Support for Drupal 7 is ending on 5 January 2025—it’s time to migrate to Drupal 10! Learn about the many benefits of Drupal 10 and find migration tools in our resource center.
Using Drupal 8 (git checkout and install today) and CKeditor I tried to type some greek in a node.
I typed this:
English: We have wysiwyg be default.
Greek: Άραγε δουλεύει σωστά ή τα κάνει μαντάρα?
French: à, è, ù
And then checked what gets stored in the database.
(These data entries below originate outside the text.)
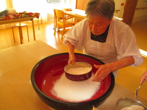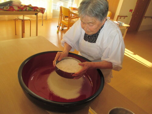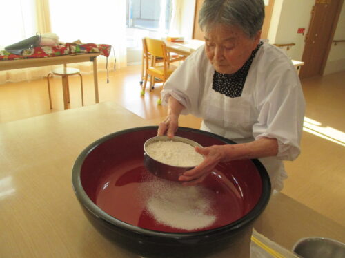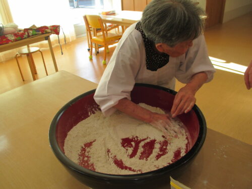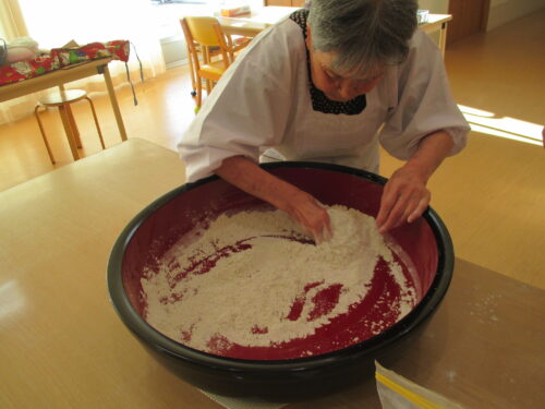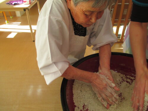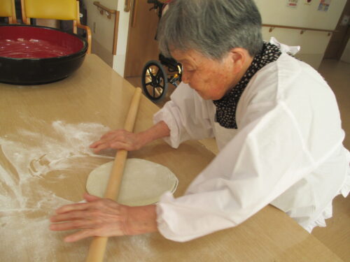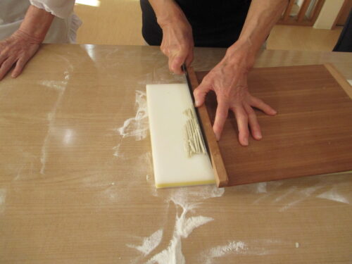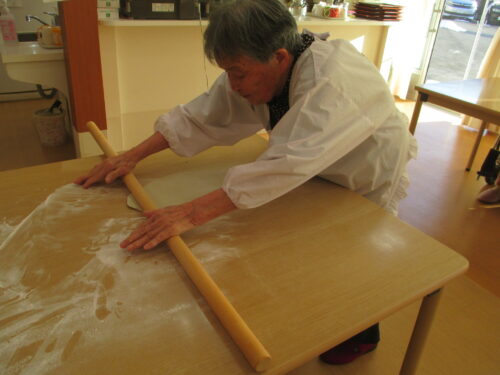 実際にご入居者様とそば打ち出来て、手つきが違い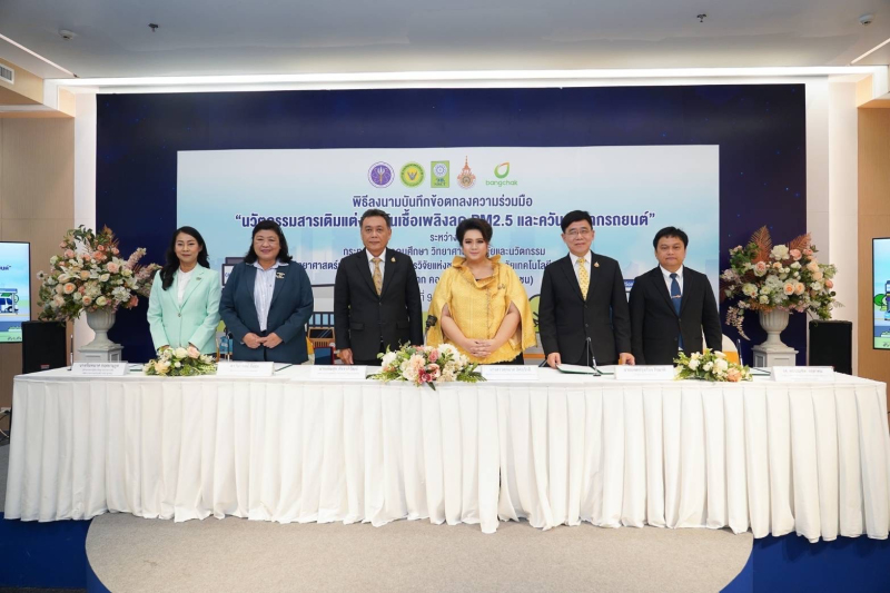 เมื่อวันที่ 9 ส.ค. นางสาวศุภมาส อิศรภักดี รัฐมนตรีว่าการกระทรวงการอุดมศึกษา วิทยาศาสตร์ วิจัยและนวัตกรรม (อว.) ให้เกียรติเป็นสักขีพยานการลงนามบันทึกข้อตกลงความร่วมมือ (MOU) การผลักดันผลงานวิจัยและนวัตกรรม เพื่อเสริมสร้างคุณภาพชีวิตและสร้างอากาศสะอาดเพื่อคนไทย พร้อมด้วย นายเพิ่มสุข สัจจาภิวัฒน์ ปลัดกระทรวง อว., พ.ญ.เพชรดาว โต๊ะมีนา ที่ปรึกษารัฐมนตรีว่าการกระทรวง อว. และ ศ.เกียรติคุณ ดร.นพ.สิริฤกษ์ ทรงศิวิไล ประธานคณะกรรมการส่งเสริมวิทยาศาสตร์ วิจัยและนวัตกรรม โดยมี นายแพทย์รุ่งเรือง กิจผาติ อธิบดีกรมวิทยาศาสตร์บริการ (วศ.), ดร.วิภารัตน์ ดีอ่อง ผู้อำนวยการสำนักงานการวิจัยแห่งชาติ (วช.), รศ.ดร.บัณฑิต กฤตาคม รองอธิการบดีฝ่ายวิจัย พัฒนานวัตกรรมและบริการวิชาการ มหาวิทยาลัยเทคโนโลยีราชมงคลอีสาน และ คุณกัณฑมาศ กฤตยานุกูล ผู้ช่วยกรรมการผู้จัดการใหญ่ สายงานการผลิต บริษัทบางจาก คอร์ปอเรชั่น จำกัด (มหาชน) ร่วมลงนาม ณ ห้องแถลงข่าว ชั้น 1 สำนักงานพัฒนาวิทยาศาสตร์และเทคโนโลยีแห่งชาติ กระทรวง อว.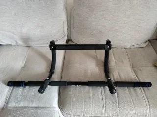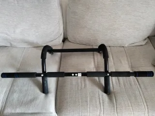 Barra de dominadas negra con agarres acolchados. - Construcción robusta. - Diseño ajustable para diferentes marcos de puerta. - Agarres de espuma para mayor comodidad.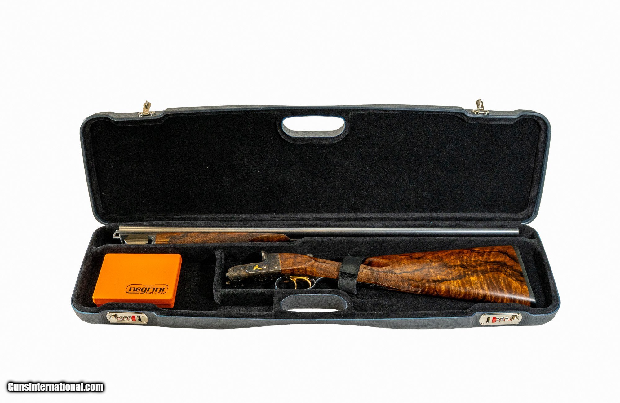 Description: Over and Under or Side by Side Luxury Shotgun Case for Airline Travel 1605LR/5139 The Negrini 1605 Series shotgun hard case is perfect for any takedown Over and Under or Side by Side Shotgun. The OU/side by side shotgun case max barrel length is 28 including extended chokes (barrel channel measures 30.5, padding is needed for transport). The hard shotgun case features a padded luxury interior with separate compartments for your stock & receiver and barrel & forearm. Plus an accessory compartment for extra tools and choke boxes. This compact, Italian-designed SxS shotgun case is the perfect solution for any lightweight air travel and is great for car, club, and home. Shotgun Type: Over Under and Side by Side Shotguns Barrel Length: Barrels up to 28 + extended chokes Color: Navy Blue ABS exterior/Black Velvet Interior Case Trim: LR Rubber trim with a full velvet interior Hand Finished and made by Negrini of Italy About Negrini Gun Cases Negrini gun cases are designed with an ultra-strong double-wall ABS construction. Which consists of a thick thermoformed ABS outer case welded to a rigid thermoformed inner case. Negrini gun cases are fully cushioned and lined with plush velvet or microfiber. Negrini gun cases' patented double-wall construction assures maximum shock absorption without breaking. Each gun case is fitted with hardened steel combination locks and hinges. The locks are recessed to prevent gun case damage on conveyor belts. Negrini gun case interiors are designed with separate compartments for stock and receiver, barrel and forend as well as accessories. All Negrini gun case materials used are certified to not outgas or corrode firearms. Many colors are available. Limited lifetime warranty. International air travel certified Hardened steel combination Locks for security 100% Made in Italy Lightweight air travel without all the extra baggage fees Limited Lifetime Warranty Manufacturer: Negrini Model: 1605LR/5139 Condition: New Barrel Type: Over and Under, Side Rib: Flat Rib Weight: 7.75 lbs Price: $385.00 Contact Seller |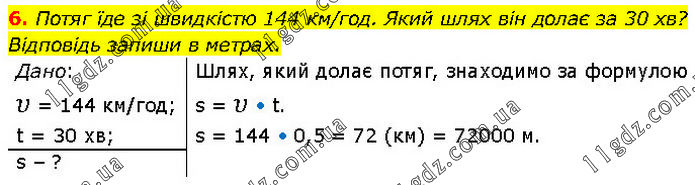 Потяг їде зі швидкістю 144 км/год. Який шлях він долає за 30 хв? Відповідь запиши в метрах. Дано: υ = 144 км/год; t = 30 хв; Шлях, який долає потяг, знаходимо за формулою s = υ • t. s = 144 • 0,5 = 72 (км) = 72000 м. s – ?

All greek text was converted to html entities.
This is what resides in mysql:
<p>English: We have wysiwyg be default.</p>
<p>Greek: ?ραγε δουλε?ει σωστ? ? τα κ?νει μαντ?ρα?</p>
<p>French: à, è, ù</p>
For those wondering, the greek text above translates as: "Does it work or is it messy?" :)
This used to be an issue with the ckeditor module too which has been long solved, I am marking the related issues.
I searched for an issue against D8 but found nothing, thus I created this issue.
I strongly believe that this conversion to html should not happen.
Comment | File | Size | Author |
---|---|---|---|
#6 | ckeditor_html_entities-2345037-6.patch | 1.38 KB | Wim Leers |
Comments
Comment #1
bserem CreditAttribution: bserem commentedAdded french characters example
Comment #2
bserem CreditAttribution: bserem commentedThe attached patch does the trick for me for greek characters while it does not affect basicEntities (<, >, &, they get stored as html entities).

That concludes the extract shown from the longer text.